Roberto Minervini in Los Angeles

Roberto Minervini’s The Passage (2011)

Acropolis Cinema, the nonprofit screening series in Los Angeles, will launch the first of three tenth-anniversary celebrations on Friday with A More Perfect Union: The Films of Roberto Minervini. The retrospective will open with the LA premiere of The Damned, which won Minervini the Un Certain Regard award for Best Directing when the Civil War drama premiered in Cannes last year.

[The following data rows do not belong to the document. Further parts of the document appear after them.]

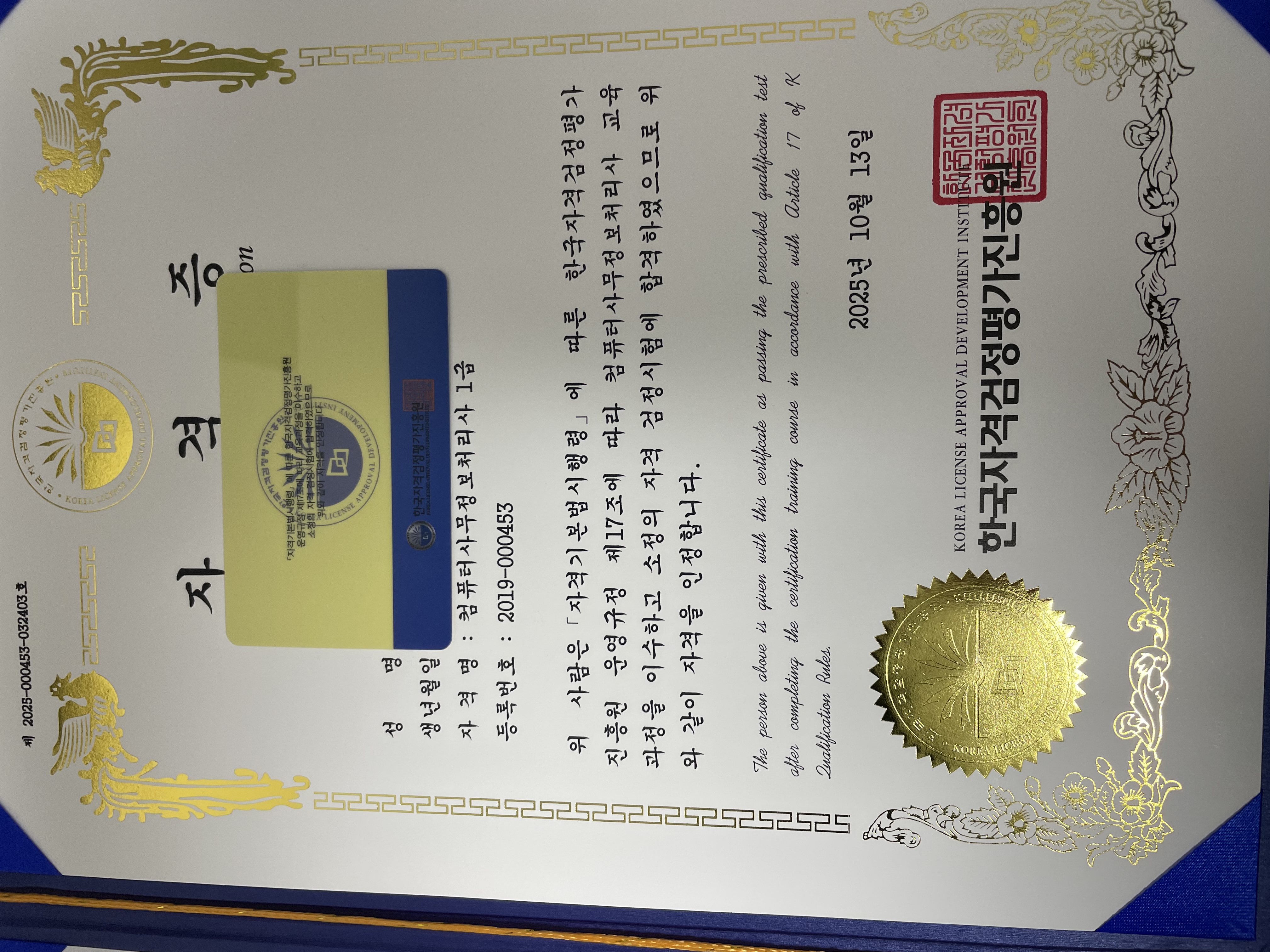 직무 변경하려고 자걱증 취득했어요~!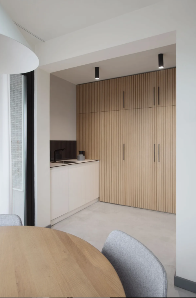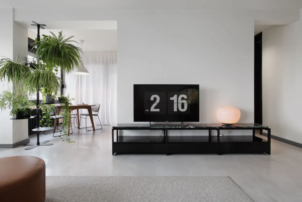 Funkcionalna i dekorativna rasveta modernističkog prizvuka i umetnički komadi dodatno oplemenjuju prostor ovog stana.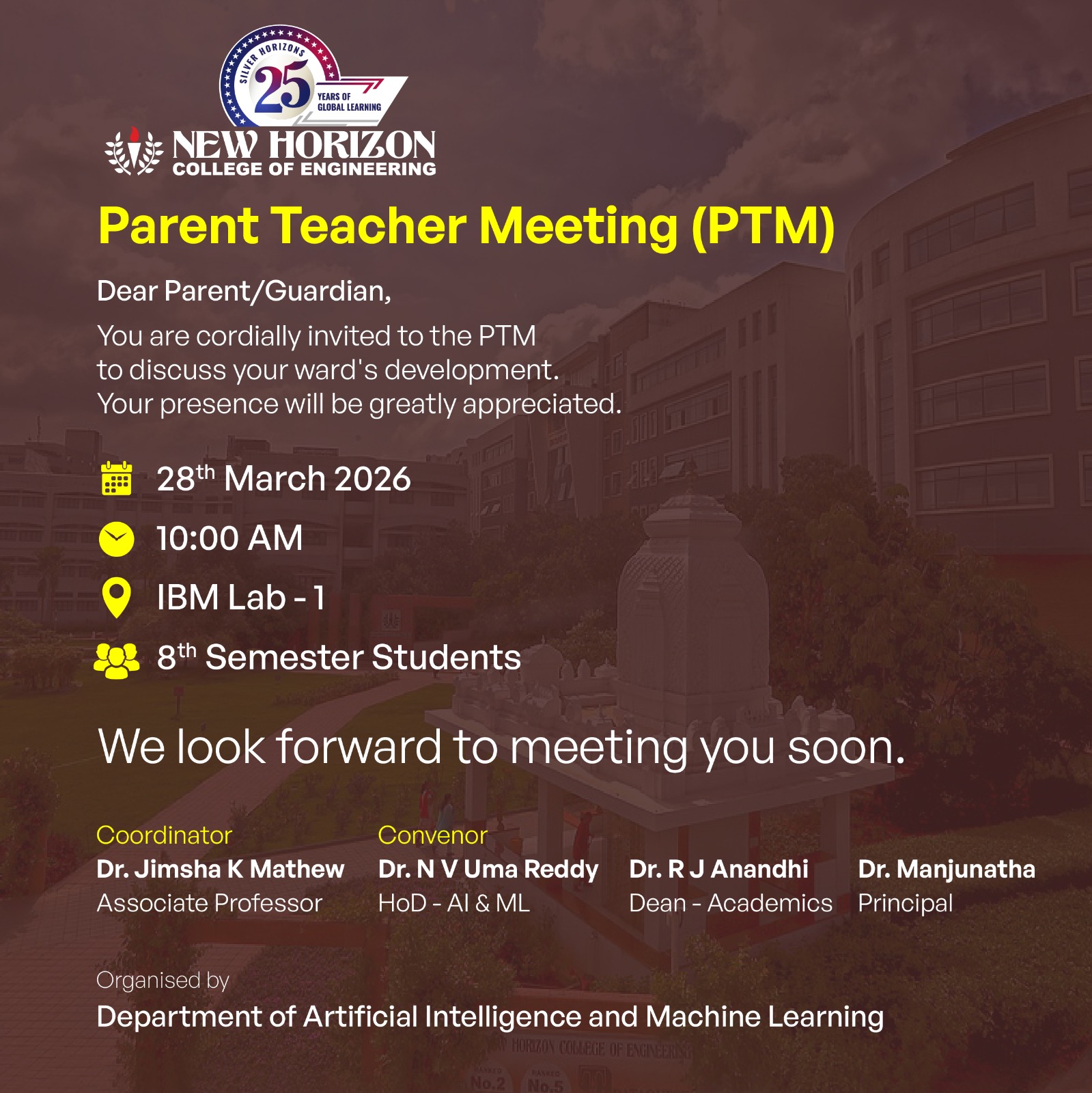 The Department of Artificial Intelligence & Machine Learning at NHCE was established in the year 2001 and offers graduate, post graduate and PhD programs.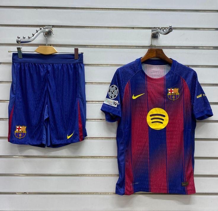 Portez votre passion avec cet ensemble de football de Barcelone. Fabriqué en tissu respirant, parfait pour le sport ou les loisirs. Affichez les couleurs de votre équipe favorite lors des matchs ou à l'entraînement. Un choix idéal pour les supporters invétérés.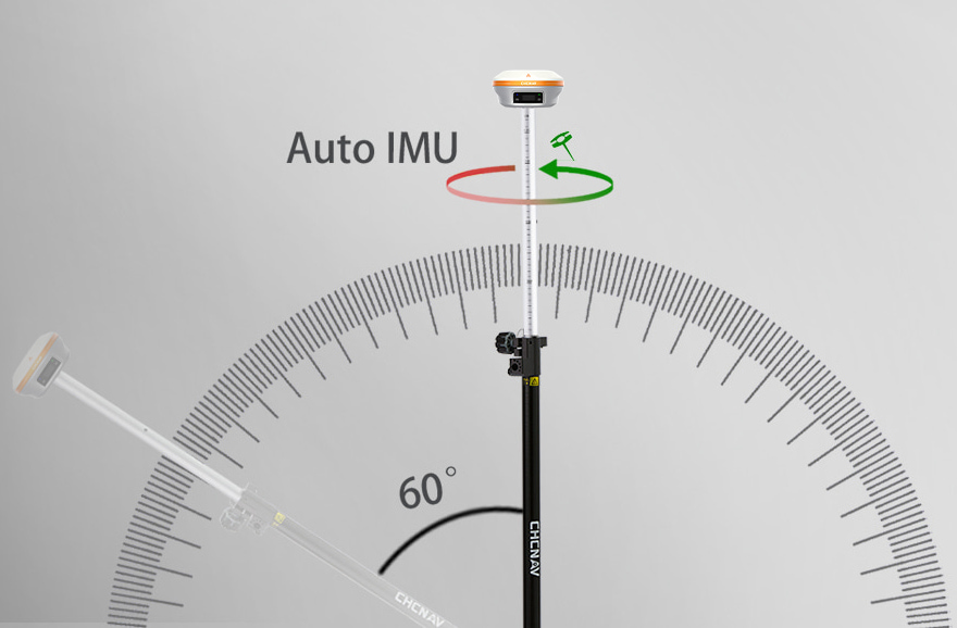 Odbiornik i93 GNSS jest wyposażony w najnowocześniejszą jednostkę IMU firmy CHCNAV, pracującą z częstotliwością 200 Hz i posiadającą funkcję automatycznej inicjalizacji. Korekty dostępne przy wychyleniu tyczki aż do 60 stopni od pionu pozwalają znacząco zwiększyć wydajność pomiarów, eliminując konieczność każdorazowego pionowania tyczki nad punktem.

Set in the winter of 1862, The Damned hunkers down with a troop of Union soldiers sent out west to patrol uncharted territories. Nonprofessional actors play uniformed men who “ride horses and speak of the wickedness of slavery, but their accents and affectations are anachronistically contemporary,” noted Film Comment’s Devika Girish in the introduction to her interview with Minervini. “The result is somewhere between a restaging of a moment in America’s past and a document of present-day Americans reflecting on the process of nation-making. Amid the banalities of military activity—keeping watch, making plans, cleaning rifles—the men chat about what might prompt a man to put his life on the line for an ideal: ethics, religion, family, glory, plain old bloodthirst.”

After Friday night’s screening at 2220 Arts + Archives, filmmaker Carson Lund (Eephus) will moderate a Q&A with Minervini, who grew up in Italy and lived for a few years in Spain before moving to the U.S., where he has been living for the past twenty-five years. After completing his master’s degree at the New School in New York, he made a good handful of short films before directing his first feature, The Passage (2011).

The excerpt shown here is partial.